--- Available records ---
----

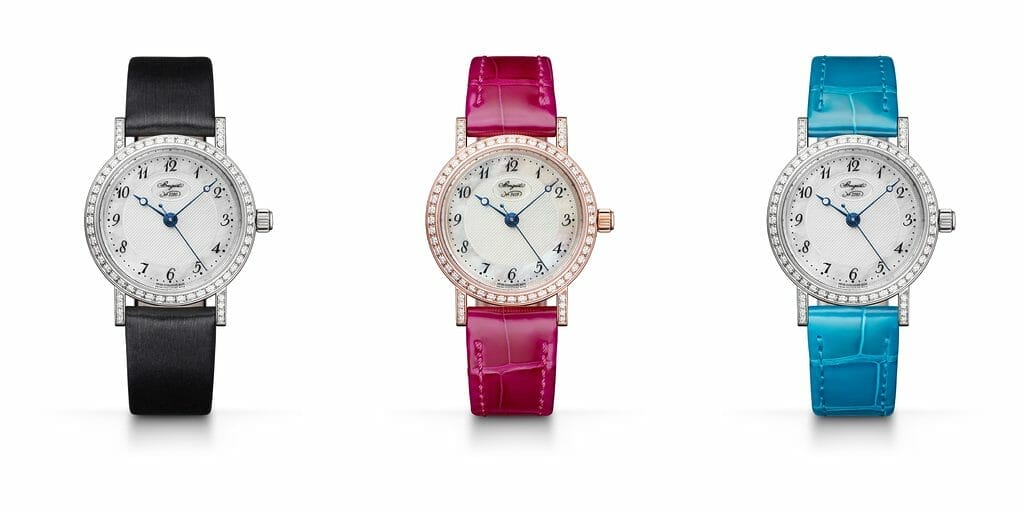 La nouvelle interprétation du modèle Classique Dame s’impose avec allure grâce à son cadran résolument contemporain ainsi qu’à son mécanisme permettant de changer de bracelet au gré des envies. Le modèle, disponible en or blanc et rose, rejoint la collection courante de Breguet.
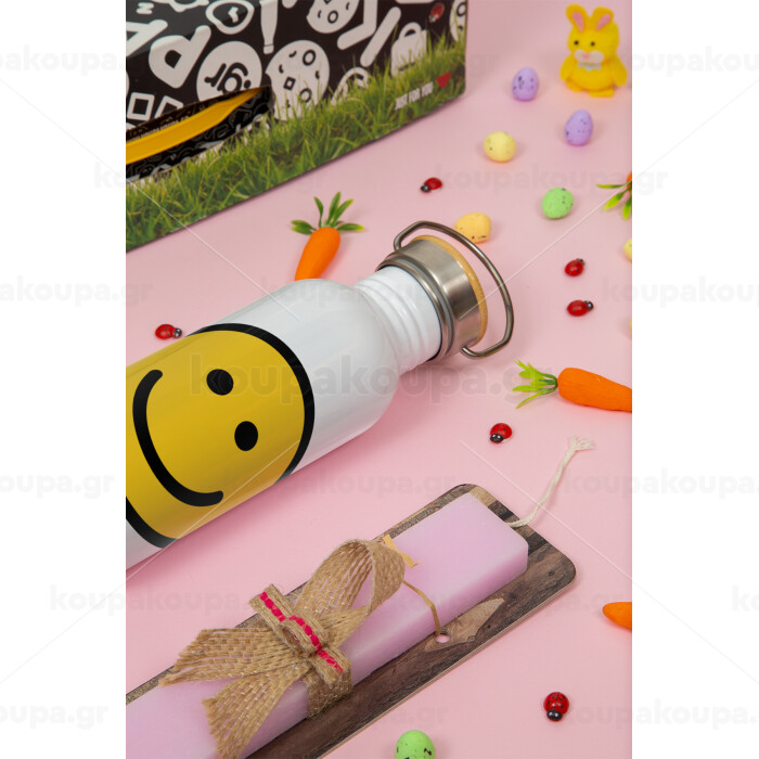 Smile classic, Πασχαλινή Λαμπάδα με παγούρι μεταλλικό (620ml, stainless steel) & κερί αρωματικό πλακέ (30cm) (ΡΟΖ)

----

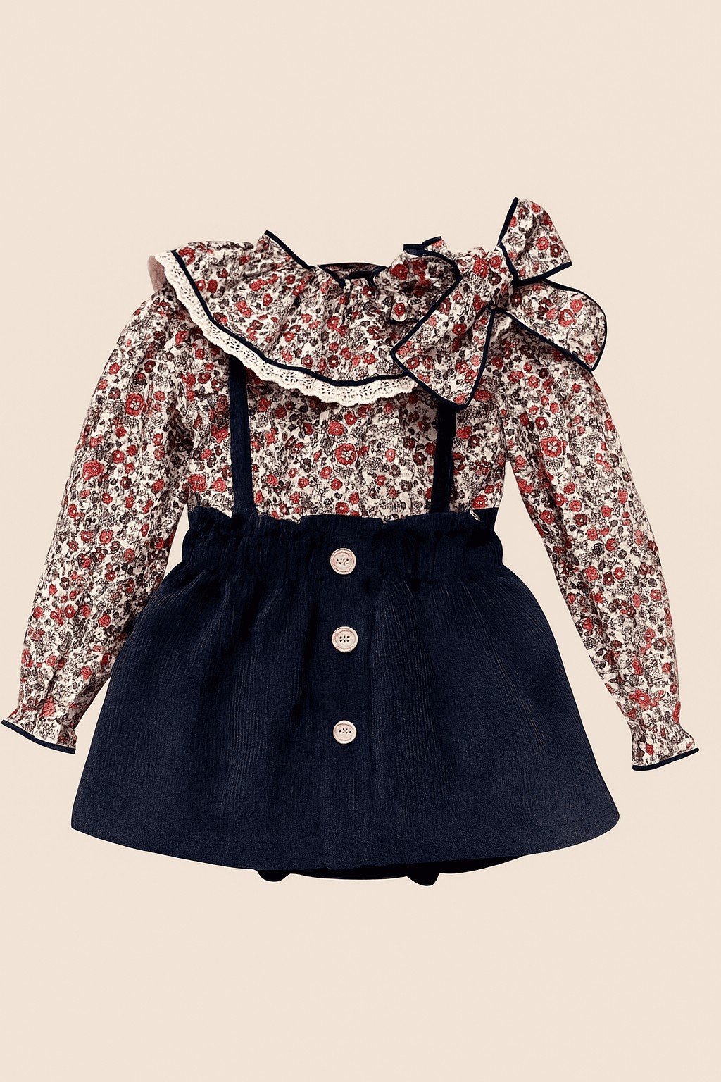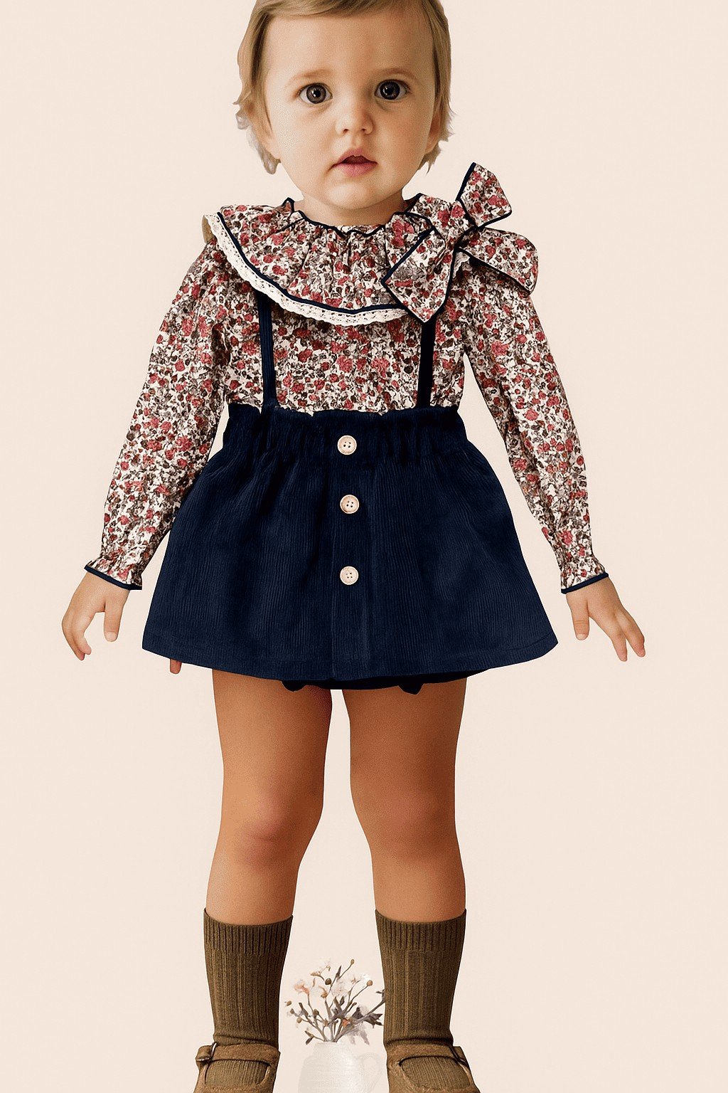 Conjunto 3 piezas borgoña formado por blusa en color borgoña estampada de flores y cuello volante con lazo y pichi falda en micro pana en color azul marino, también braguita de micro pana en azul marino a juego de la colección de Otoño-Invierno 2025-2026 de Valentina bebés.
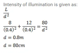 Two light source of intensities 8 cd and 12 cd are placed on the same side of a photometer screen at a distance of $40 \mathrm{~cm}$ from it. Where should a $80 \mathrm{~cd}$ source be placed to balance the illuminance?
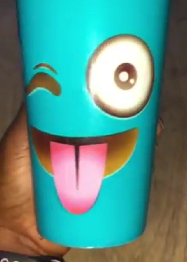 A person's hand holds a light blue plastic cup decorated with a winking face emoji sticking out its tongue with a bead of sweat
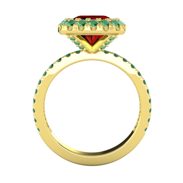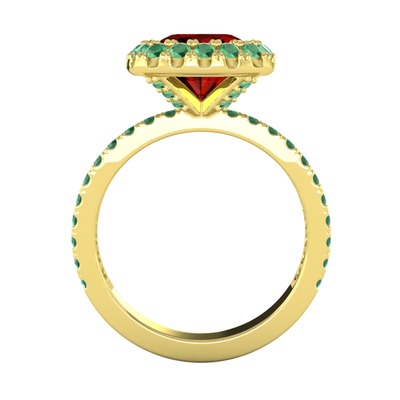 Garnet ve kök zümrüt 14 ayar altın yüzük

----

--- What you are asked to do ---
Reproduce the listing above exactly from the line containing "La nouvelle interprétation" up to and including the line containing "Smile classic, Πασχαλινή", omitting any images and everything outside those lines.

--- Task solution ---
 La nouvelle interprétation du modèle Classique Dame s’impose avec allure grâce à son cadran résolument contemporain ainsi qu’à son mécanisme permettant de changer de bracelet au gré des envies. Le modèle, disponible en or blanc et rose, rejoint la collection courante de Breguet.
 Smile classic, Πασχαλινή Λαμπάδα με παγούρι μεταλλικό (620ml, stainless steel) & κερί αρωματικό πλακέ (30cm) (ΡΟΖ)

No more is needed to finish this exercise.